=== Exercise description ===
Reproduce the entries word for word but drop every picture.

Records shown Start Marker

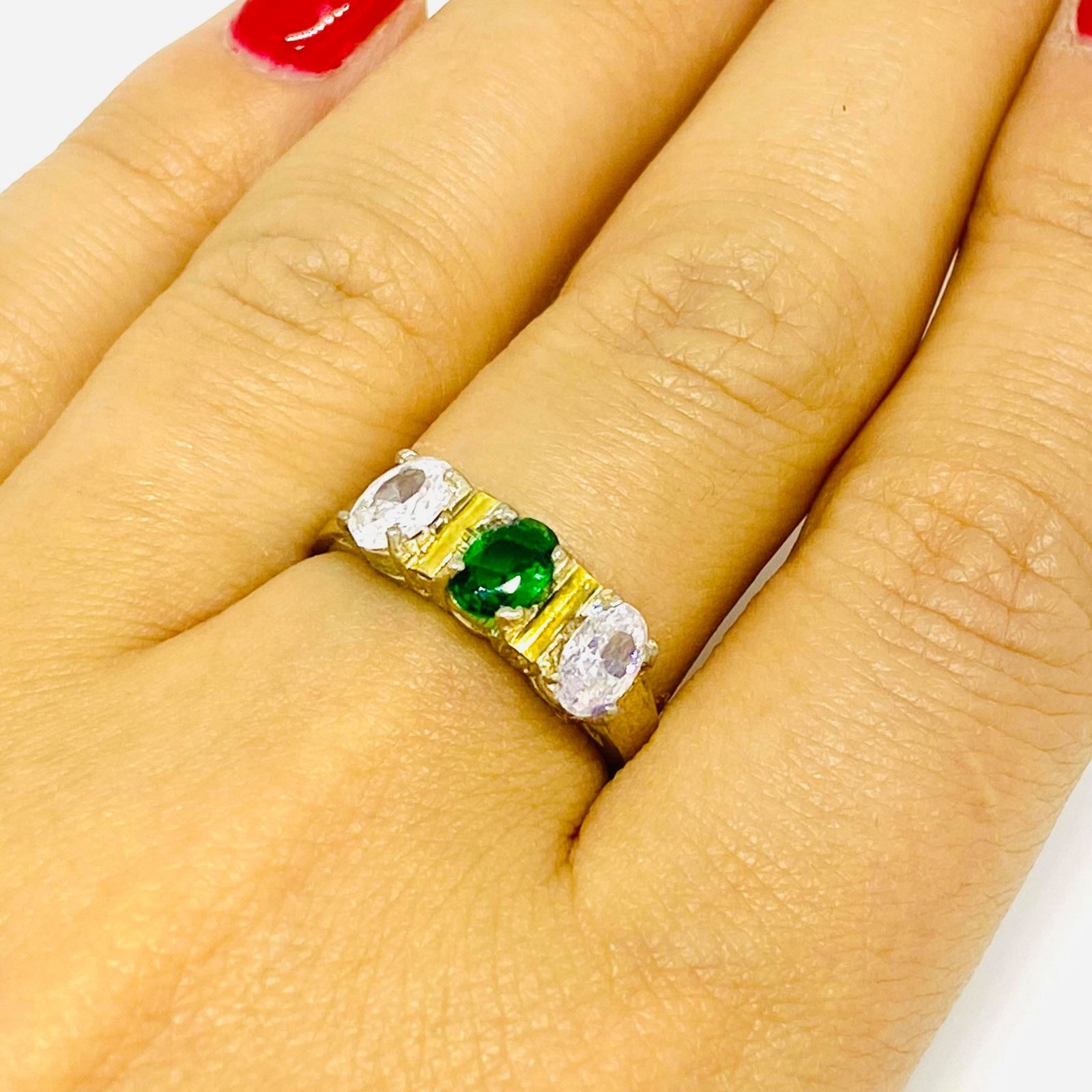 » Anillo Trio con cubic Ovalado combinado Plata y Oro
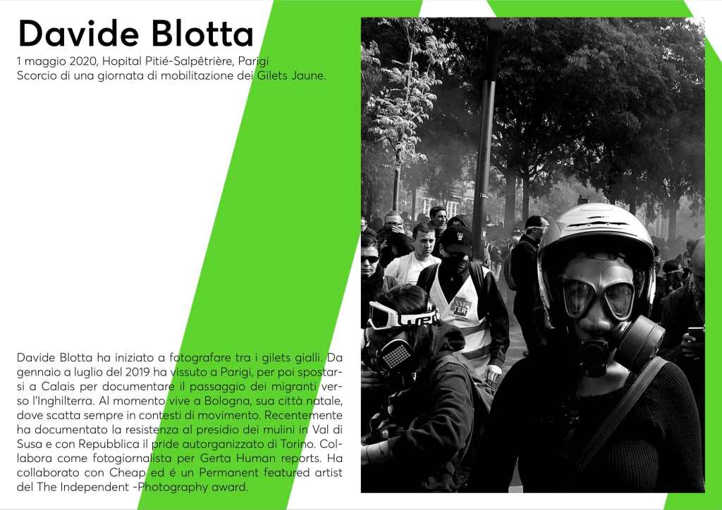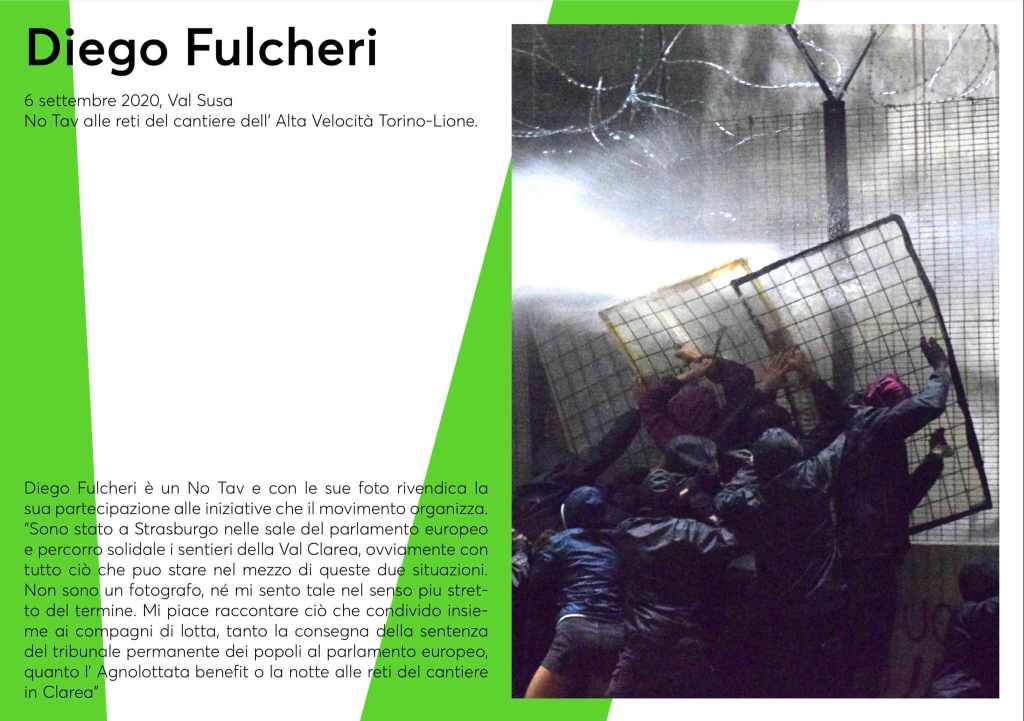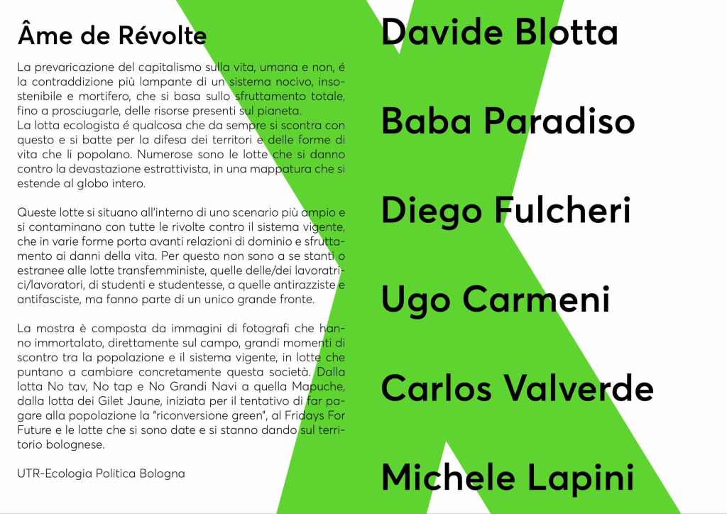 La mostra è composta da immagini di fotografi che hanno immortalato, direttamente sul campo, grandi momenti di scontro tra la popolazione e il sistema vigente, in lotte che puntano a cambiare concretamente questa società. Dalla lotta No tav, No tap e No Grandi Navi a quella Mapuche, dalla lotta dei Gilet Jaune, iniziata per il tentativo di far pagare alla popolazione la “riconversione green”, al Fridays For Future e le lotte che si sono date e si stanno dando sul territorio bolognese.
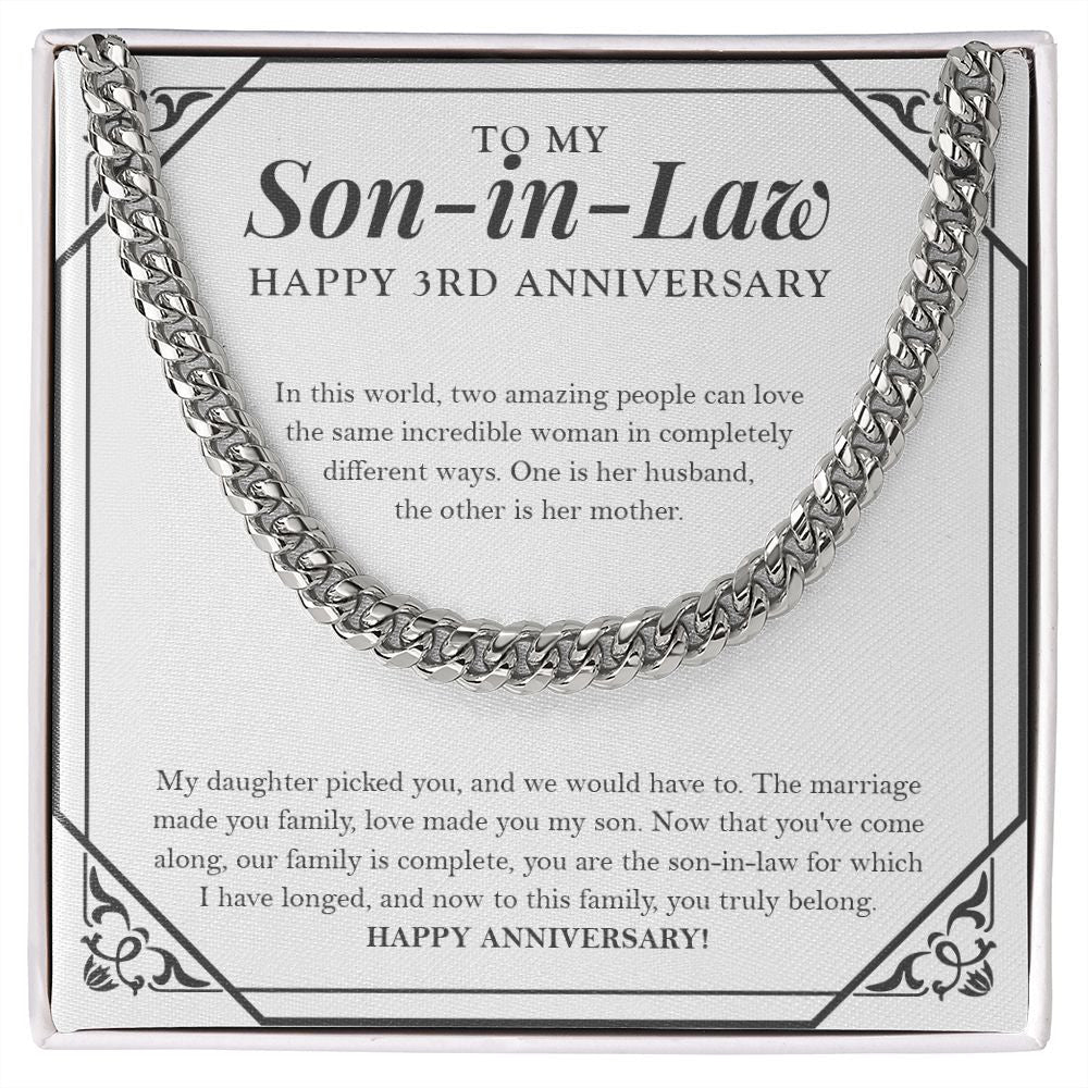 "In Completely Different Ways" Son-In-Law 3rd Wedding Anniversary Necklace Gift From Mother-In-Law Father-In-Law Cuban Link Chain Jewelry Box
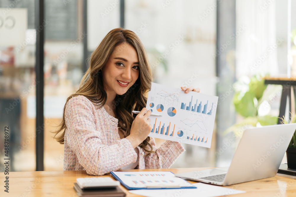business woman talking about sale report in video conference. Asian team using laptop and tablet online meeting in video call.Working from home, Working remotely and Social isolation.
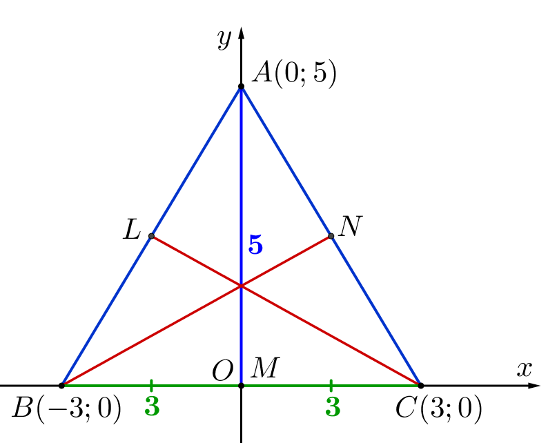 Медиана делит основание треугольника пополам, то есть \(\displaystyle BM=CM=\frac{BC}{2}=\frac{6}{2}=3\small.\) Значит, координаты точек: \(\displaystyle B(-3;\,0)\) и \(\displaystyle C(3;\,0)\small.\) По условию, треугольник равнобедренный, откуда\(\displaystyle AB=AC\small.\) Тогда медиана \(\displaystyle AM\) является и высотой. То есть точка \(\displaystyle A\) лежит на оси \(\displaystyle Oy\) и ее координата: \(\displaystyle A(0;\,5)\small.\) | ![]() |
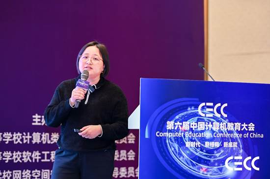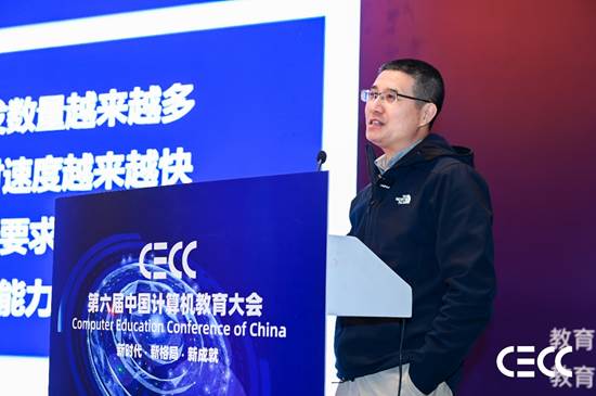 大会报告环节,“计算概论”课程负责人、哈尔滨工业大学教授战德臣作题为“101计划实践类课程建设方法与案例——以计算思维程序实践课程建设为例”的报告。报告围绕计算思维教育、计算思维程序实践、“K+M+N”协同教学模式建设三方面,介绍了程序设计类课程通过项目实践和项目研讨方式,促进员工计算思维、人工智能思维与各专业思维交叉融合,同时基于MOOP平台,建立协同建课(师)、协同开课(校)、协同创作(生)的实践教学体系,为各专业员工今后设计、构造和应用各种计算与智能系统求解学科问题奠定程序实现基础。

Records shown End Marker

=== The completed task ===
 » Anillo Trio con cubic Ovalado combinado Plata y Oro
 La mostra è composta da immagini di fotografi che hanno immortalato, direttamente sul campo, grandi momenti di scontro tra la popolazione e il sistema vigente, in lotte che puntano a cambiare concretamente questa società. Dalla lotta No tav, No tap e No Grandi Navi a quella Mapuche, dalla lotta dei Gilet Jaune, iniziata per il tentativo di far pagare alla popolazione la “riconversione green”, al Fridays For Future e le lotte che si sono date e si stanno dando sul territorio bolognese.
 "In Completely Different Ways" Son-In-Law 3rd Wedding Anniversary Necklace Gift From Mother-In-Law Father-In-Law Cuban Link Chain Jewelry Box
business woman talking about sale report in video conference. Asian team using laptop and tablet online meeting in video call.Working from home, Working remotely and Social isolation.
 Медиана делит основание треугольника пополам, то есть \(\displaystyle BM=CM=\frac{BC}{2}=\frac{6}{2}=3\small.\) Значит, координаты точек: \(\displaystyle B(-3;\,0)\) и \(\displaystyle C(3;\,0)\small.\) По условию, треугольник равнобедренный, откуда\(\displaystyle AB=AC\small.\) Тогда медиана \(\displaystyle AM\) является и высотой. То есть точка \(\displaystyle A\) лежит на оси \(\displaystyle Oy\) и ее координата: \(\displaystyle A(0;\,5)\small.\) | ![]() |
 大会报告环节,“计算概论”课程负责人、哈尔滨工业大学教授战德臣作题为“101计划实践类课程建设方法与案例——以计算思维程序实践课程建设为例”的报告。报告围绕计算思维教育、计算思维程序实践、“K+M+N”协同教学模式建设三方面,介绍了程序设计类课程通过项目实践和项目研讨方式,促进员工计算思维、人工智能思维与各专业思维交叉融合,同时基于MOOP平台,建立协同建课(师)、协同开课(校)、协同创作(生)的实践教学体系,为各专业员工今后设计、构造和应用各种计算与智能系统求解学科问题奠定程序实现基础。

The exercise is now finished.